You need your date of birth to fly in the America police state!
Hiel Hitler the American police state is here - "U.S., requires that fliers provide their full name, birth date and gender when they buy airline tickets so the information can be checked against the TSA's no-fly list. If the information is not provided, ticket holders will not be able to board their flights ... A TSA spokesman ... estimated only about 1 percent of passengers won't make it through security because of delays caused by providing incomplete or incorrect information"
Hmmm... I wonder how far taking the Fifth Amendment and refusing to answer these questions will get you. I guess saying you have Constitutional Rights around Federal thugs with guns won't get you very far.
New flight rules may catch travelers off-guard
by Megan Neighbor - Oct. 29, 2010 12:00 AM
The Arizona Republic
A federal air-safety requirement that takes effect Monday could trip you up if certain key information about your identity wasn't included when you made the reservation.
Submitting the information as boarding time approaches could mean delays for you and others. And even if you are in the clear, the potential that thousands of others may not have submitted the data could make the start of the business week tough for all travelers and airline and security workers.
The Transportation Security Administration's Secure Flight program, designed to reduce the chance of terrorists flying in the U.S., requires that fliers provide their full name, birth date and gender when they buy airline tickets so the information can be checked against the TSA's no-fly list. If the information is not provided, ticket holders will not be able to board their flights.
Most airlines have required that information from ticket buyers for months. But some third-party travel sites, such as Expedia and Orbitz, just started asking buyers for the information in the past several weeks.

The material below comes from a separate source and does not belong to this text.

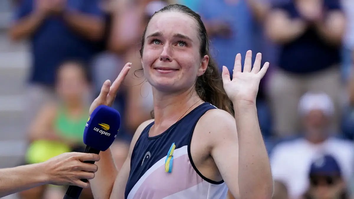 Snigur upset the No. 7 seed 6-2, 0-6, 6-4, then struggled through tears to explain what the victory meant to her family and her country, which is at war with Russia.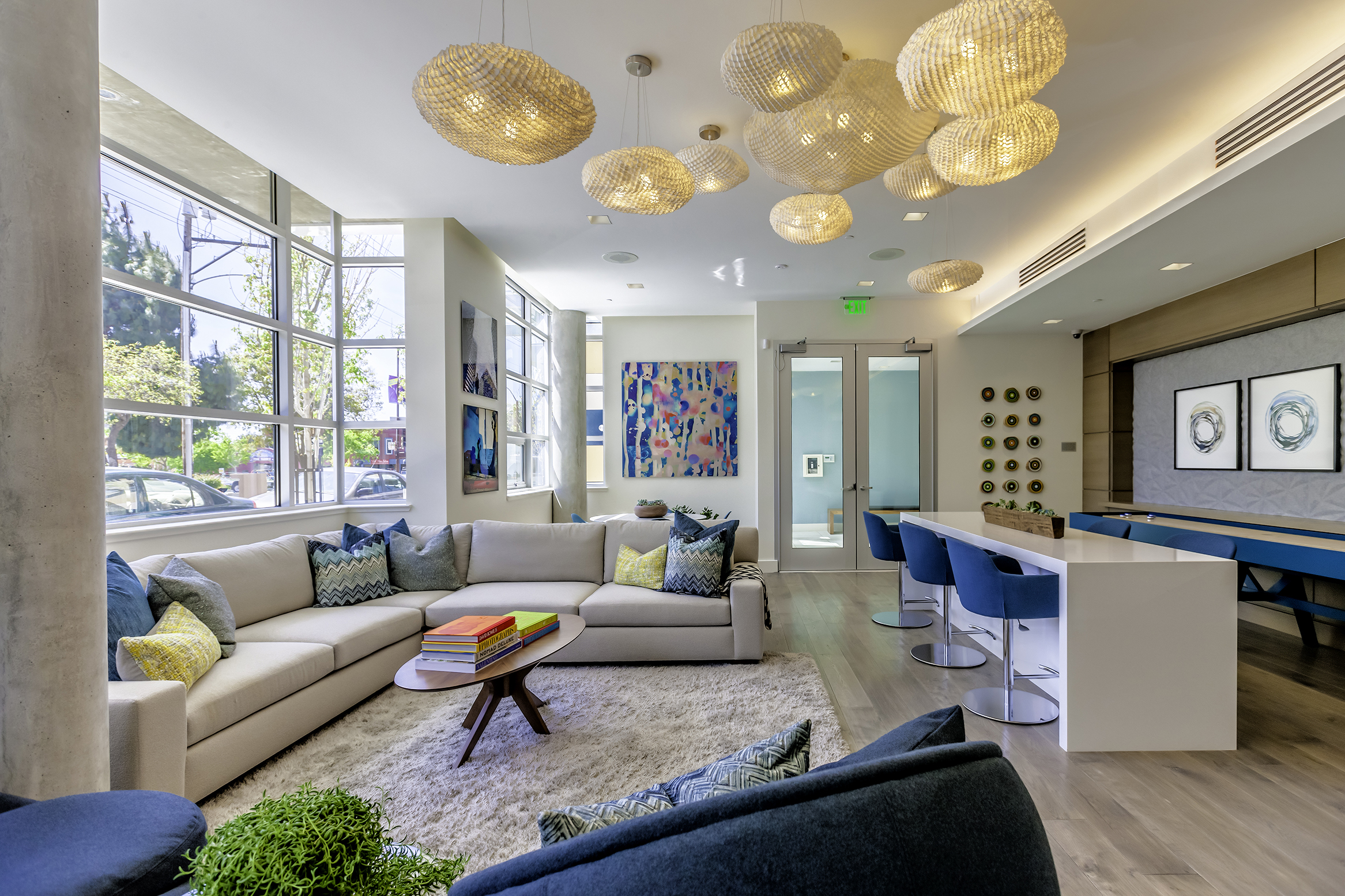 Resident lounge with nano-glass doors that open up to the courtyard

Airlines and travel sites have launched e-mail and calling campaigns to get in touch with consumers who didn't provide the information, but some industry insiders are concerned about how many may have fallen through the cracks.
It is unclear how many travelers will be affected. Most airlines will sell tickets months ahead of a flight - some up to nearly a year in advance. These advance tickets often are purchased by leisure travelers, perhaps booking ahead for holiday trips.
"Passengers should allow more time to travel that day in case of delays," said Andrew Weinstein, a spokesman for the Interactive Travel Services Association.
The rule has received scant attention in recent weeks even as its launch date approached. Travelers at Phoenix Sky Harbor International Airport on Thursday were largely unaware of the policy.
"I didn't know about it," said Joseph Estrada, who said he was flying to El Paso and returning on Monday. "I must have filled out the information and not realized it."
The TSA said that if you have not provided the required information by the time you arrive at the airport, not to worry. A passenger's Secure Flight data can be checked against a no-fly watch list quickly.
In fact, the airlines will not allow you to print a boarding pass until you've provided it.
A TSA spokesman told the Associated Press that the agency estimated only about 1 percent of passengers won't make it through security because of delays caused by providing incomplete or incorrect information.
Most major airlines say passengers can provide last-minute information at the ticket counter or kiosk.
The two airlines that account for the most traffic at Sky Harbor - Tempe-based U.S. Airways and Southwest Airlines - predict few delays on Monday for passengers who booked through their websites.
US Airways has required passengers to provide the Secure Flight data when booking on its website since October 2009. Southwest has required the information since March.
American Airlines says it has attempted to contact customers who may have fallen through the cracks. Billy Sanez, an American Airlines spokesman, said his airline is prepared for customers who arrive at the airport without having provided the information.
"We are staffing up (for Monday)," Sanez said.
Atlanta-based Delta Air Lines appears to be taking a tougher stance.
On its website, Delta says that if passengers have not provided Secure Flight data within 72 hours of a scheduled flight, their reservations may be canceled, beginning on Monday.
Delta has required its customers to provide Secure Flight information when booking tickets on its website since June 15, said Susan Elliott, an airline spokeswoman.
Delta has sought to contact ticket buyers ahead of time, Elliott said.
Other ticket sellers have been slower to act.
Orbitz has required passengers to provide the information since Sept. 12. Expedia has required passenger to provide the information only since Aug. 31, although it has requested it since December.
Check the reservation
Jeanenne Tornatore, senior editor at Orbitz.com, suggests that uncertain passengers check their reservations online or contact the booking source before arriving at the airport.
"When you are dealing with busy airports during the holiday season, the last thing you want is to be delayed by 10 or 15 minutes before you can catch your flight," Tornatore said.
David Castelveter, a spokesman for the Air Transport Association trade group, said he was confident the program's mandatory launch date will be free of problems.
Travelers at Sky Harbor had mixed reactions on Thursday.
"Any additional security measure can't hurt," said Michael Waltman, CEO of Interactive Sites in Phoenix.
"If Secure Flight is a measure you're unaware of, that could set you back. Well, you catch another flight and get over it."
Nikole Cotton of Phoenix resident said she wasn't sure the new security measure was worth asking passengers for additional information.
"Personally, I find the gender thing a little bit invasive," Cotton said.